(Beginning of Data records)

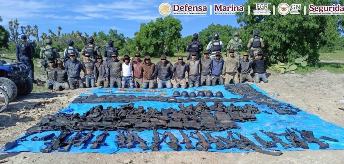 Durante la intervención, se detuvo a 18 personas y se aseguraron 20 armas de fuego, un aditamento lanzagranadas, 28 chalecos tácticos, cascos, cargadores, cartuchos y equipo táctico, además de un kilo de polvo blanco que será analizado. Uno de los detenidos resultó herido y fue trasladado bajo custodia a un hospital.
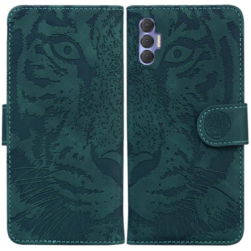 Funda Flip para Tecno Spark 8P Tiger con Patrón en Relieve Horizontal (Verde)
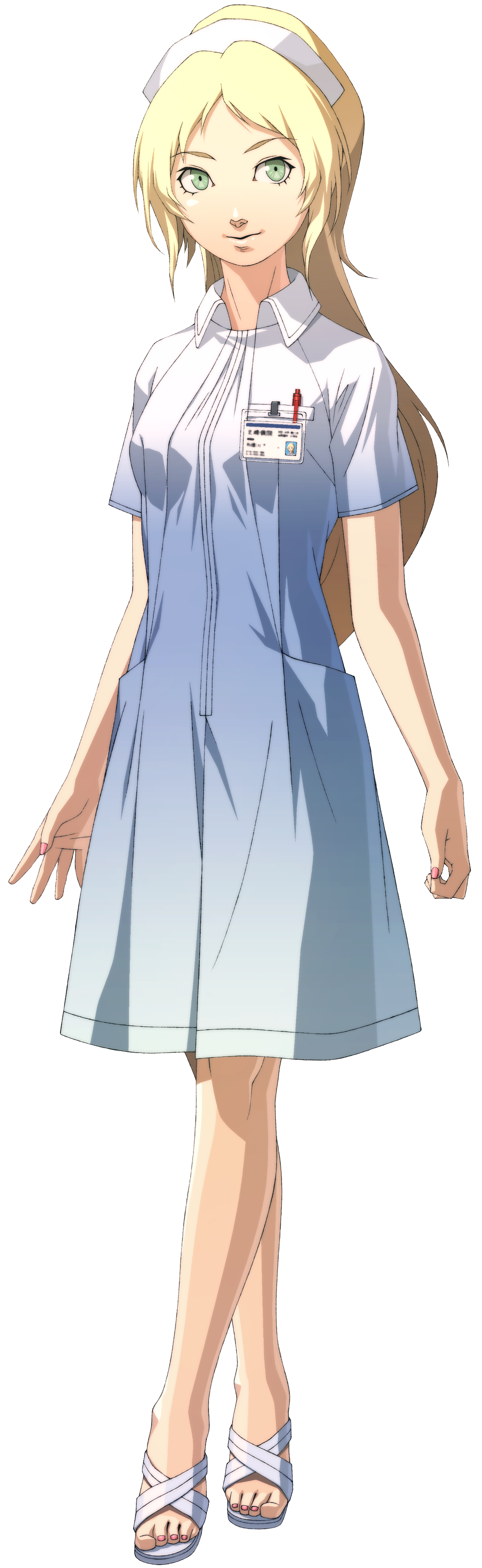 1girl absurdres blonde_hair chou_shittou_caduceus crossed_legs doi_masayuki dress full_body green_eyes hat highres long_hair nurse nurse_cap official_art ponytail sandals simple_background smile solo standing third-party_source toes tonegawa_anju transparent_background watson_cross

(End of Data records)
(Beginning of Data records)

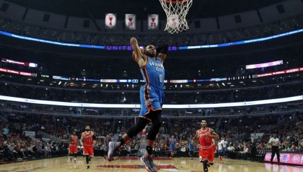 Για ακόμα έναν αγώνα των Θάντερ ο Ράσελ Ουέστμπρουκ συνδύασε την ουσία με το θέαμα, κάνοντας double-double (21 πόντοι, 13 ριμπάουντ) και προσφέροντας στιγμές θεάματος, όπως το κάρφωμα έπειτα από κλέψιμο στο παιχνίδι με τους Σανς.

(End of Data records)
(Beginning of Data records)

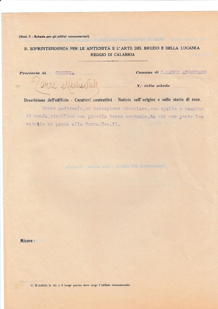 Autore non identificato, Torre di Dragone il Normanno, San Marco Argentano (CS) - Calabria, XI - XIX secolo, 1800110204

(End of Data records)

▸ **What you are asked to do**
Copy out exactly the material that runs from the line with "Funda Flip para" to the line with "1girl absurdres blonde_hair", ends included, and leave the pictures behind.

▸ **Solution for this exercise**
 Funda Flip para Tecno Spark 8P Tiger con Patrón en Relieve Horizontal (Verde)
 1girl absurdres blonde_hair chou_shittou_caduceus crossed_legs doi_masayuki dress full_body green_eyes hat highres long_hair nurse nurse_cap official_art ponytail sandals simple_background smile solo standing third-party_source toes tonegawa_anju transparent_background watson_cross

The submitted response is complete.